Path MTU Discovery
The normative definitions, from the RFCs. Path MTU discovery (PMTUD) can refer to any of several related strategies an IP host can use (and IP routers may have to facilitate) in order to recover from IP MTU mismatches between sender and receiver (and the path between them).
PMTUD RFC 1191
- First RFC-defined mechanism for allowing two nodes on separate subnets to discover the “effective” MTU of the path between them.
- Has different functional requirements for “routers” and “hosts”
- Routers are required to generate an ICMP message when they receive a packet that has the don’t fragment bit set to “1” and it is larger than the IP interface MTU of the egress interface. This ICMP “packet too big” message:
- Declares the original source/destination IP-address fields of the packet that was too big
- Declares the actual IP MTU of the egress interface on which encapsulation of the too-big packet had failed
- Includes the first 60 bytes of the too-big packet
- Hosts are required to respond to ICMP packet-too-big messages by creating a “path MTU” entry for the IP interface on which the packet-too-big (PTB) message was received
- The path-MTU entry supersedes the configured interface MTU
- The path-MTU entry defines the IP MTU value specified in the PTB message as applicable to the destination address specified in the PTB message.

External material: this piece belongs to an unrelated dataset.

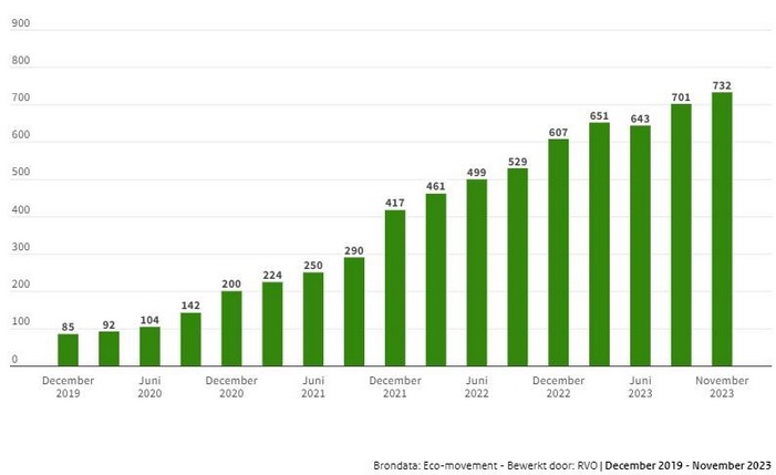 Het aantal snellaadlocaties is in vier jaar tijd enorm toegenomen. Waren er in Nederland in december 2019 nog slechts 85 snellaadlocaties, eind 2023 zijn dit er 732, ruim acht keer zoveel.

- Solves for all IP traffic from host A to host B
- As long as those hosts are on separate subnets
- And as long as every router in between the hosts generates (and forwards) the ICMP PTB messages
Packetization Layer PMTUD (PLPMTUD) RFC 4821
- Created to solve for “PMTUD blackholes”, in which the ICMP messages required by RFC1191 PMTUD are not delivered to the hosts
- Many network devices filter ICMP PTB messages
- Many routers don’t generate ICMP PTB messages
- Especially SDN routers
- Uses packetization layer (typically TCP) to infer path MTU
- Changes the behavior of a TCP endpoint, manipulating TCP segment sizes to trigger packet-loss and correllate it with a specific segment size.
- Only solves for TCP traffic
- Or, at best, for traffic between hosts on which there is at least one TCP socket
- RFC4821 acknowledges that it would be “optimal” for a PLPMTUD mechanism to instruct the downstack IP interface to update IP path MTU for the endpoint in question, using a “shared cache in the IP layer”, but doesn’t address the issue any further.
- Only works for “packetization layers” that have sufficiently rigorous state awareness (explicit acknowledgements of transmissions, in particular.)
Datagram PLPMTUD (DPLPMTUD) [RFC 8899] https://datatracker.ietf.org/doc/html/rfc8899
PLPMTUD, but for datagram protocols (datagram protocols don’t have built-in mechanisms for tracking state)
Has to be implemented at the application layer (the application provides the required state-awareness)
Stack Adjacency
(A term of art I invented for this analysis.)
The relationship between two interfaces directly above/below each other in the network stack
- “Layer N ” interface notated as: “If:L( n )”
- Interface immediately above “If:L(n)” in the stack notated as: “If:L( n+1 )”
- If:L( n ) is “ downstack-adjacent ” to If:L( n+1 )
- If:L( n+1 ) is “ upstack-adjacent ” to If:L( n )
Tunnel Endpoints
(My own distillation of the meaning attributed to these terms by the collective subconscious.)
A Tunnel Endpoint (TEP) encapsulates packets from an overlay network into packets to be transmitted on an underlay network for transport. (And vice-versa.)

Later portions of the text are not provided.